Task item » As the answer, set down the lines below from the one containing "Рисунок 1 - Диаграмма" through the one containing "- в однотональном", exactly and inclusively, and no others.

Exercise inputs »
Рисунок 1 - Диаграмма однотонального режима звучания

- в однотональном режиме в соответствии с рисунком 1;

* * *

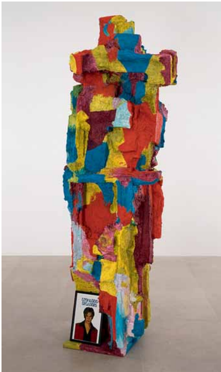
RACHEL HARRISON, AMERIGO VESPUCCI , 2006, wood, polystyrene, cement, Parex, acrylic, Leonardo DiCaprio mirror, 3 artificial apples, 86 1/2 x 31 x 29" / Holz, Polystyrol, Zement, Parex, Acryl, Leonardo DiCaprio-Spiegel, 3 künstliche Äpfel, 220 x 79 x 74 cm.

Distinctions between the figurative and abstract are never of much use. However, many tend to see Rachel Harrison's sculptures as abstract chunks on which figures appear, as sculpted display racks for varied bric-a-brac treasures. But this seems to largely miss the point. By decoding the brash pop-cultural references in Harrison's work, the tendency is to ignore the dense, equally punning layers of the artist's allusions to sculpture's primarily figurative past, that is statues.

Expected answer »
Рисунок 1 - Диаграмма однотонального режима звучания

- в однотональном режиме в соответствии с рисунком 1;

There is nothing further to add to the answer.